Days followed days, and Bernadette roamed, dreaming her one narrow dream, repeating the sole prayer she knew, which gave her amidst her solitude, so fresh and naively infantile, no other companion and friend than the Blessed Virgin.

But what pleasant evenings she spent in the winter-time in the room on the left, where a fire was kept burning! Her foster-mother had a brother, a priest, who occasionally read some marvellous stories to them--stories of saints, prodigious adventures of a kind to make one tremble with mingled fear and joy, in which Paradise appeared upon earth, whilst the heavens opened and a glimpse was caught of the splendour of the angels.

The books he brought with him were often full of pictures--God the Father enthroned amidst His glory; Jesus, so gentle and so handsome with His beaming face; the Blessed Virgin, who recurred again and again, radiant with splendour, clad now in white, now in azure, now in gold, and ever so amiable that Bernadette would see her again in her dreams.

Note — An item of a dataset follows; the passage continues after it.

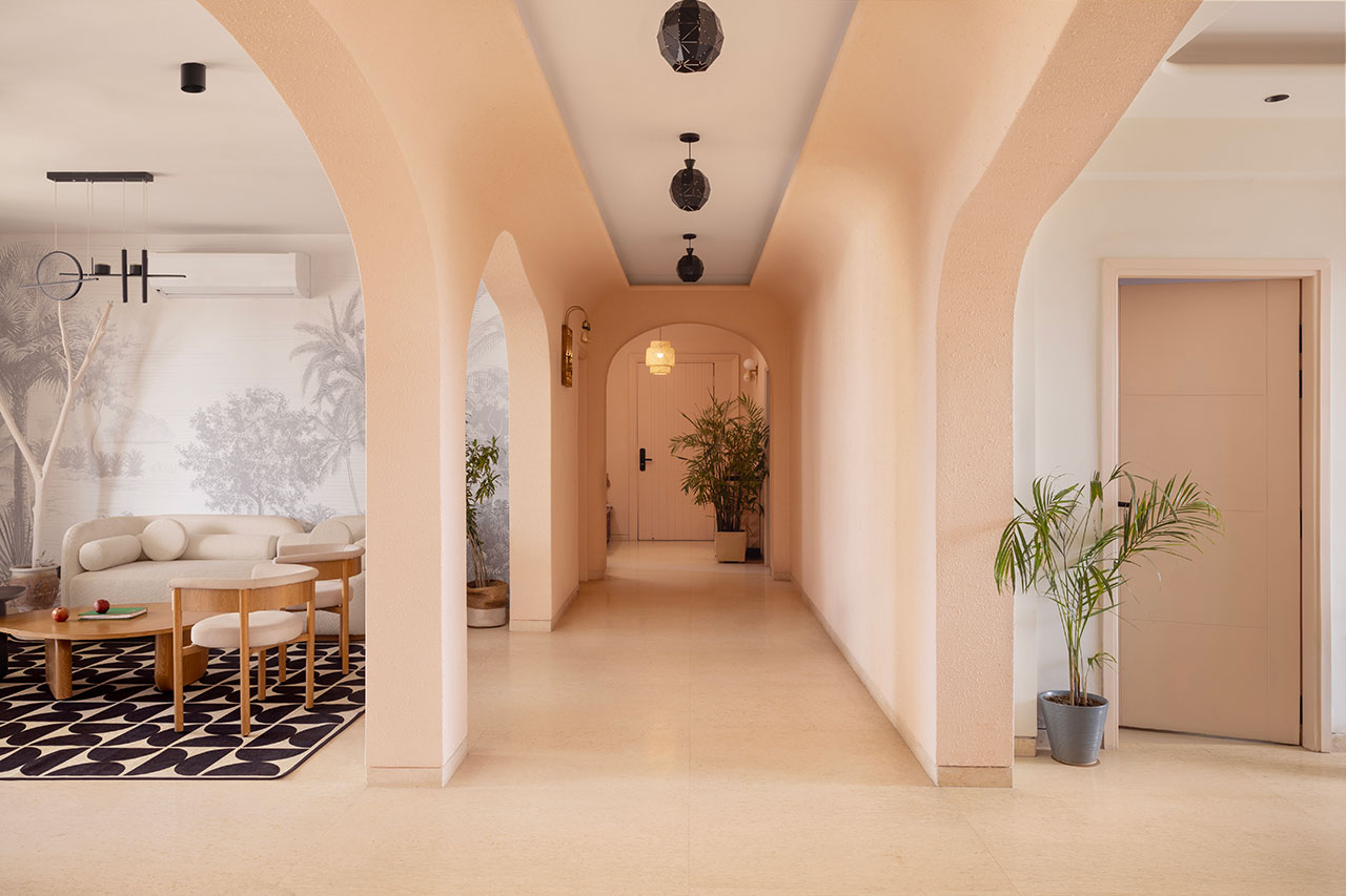 Desainer Aanchal Antal dan Ranjan Prajapati menghadapi tantangan utama dalam menyatukan kedua gaya tersebut. Alih-alih menggunakan panel dinding, mereka memanfaatkan siluet furnitur, veneer kayu alami, serta tekstil lembut untuk mendefinisikan ruang. Material seperti kayu oak, anyaman cane, dan kain bouclé berpadu dengan warna pastel serta cahaya alami yang masuk melalui jendela besar apartemen.

But the book which was read more than all others was the Bible, an old Bible which had been in the family for more than a hundred years, and which time and usage had turned yellow.

Each winter evening Bernadette's foster-father, the only member of the household who had learnt to read, would take a pin, pass it at random between the leaves of the book, open the latter, and then start reading from the top of the right-hand page, amidst the deep attention of both the women and the children, who ended by knowing the book by heart, and could have continued reciting it without a single mistake.
However, Bernadette, for her part, preferred the religious works in which the Blessed Virgin constantly appeared with her engaging smile.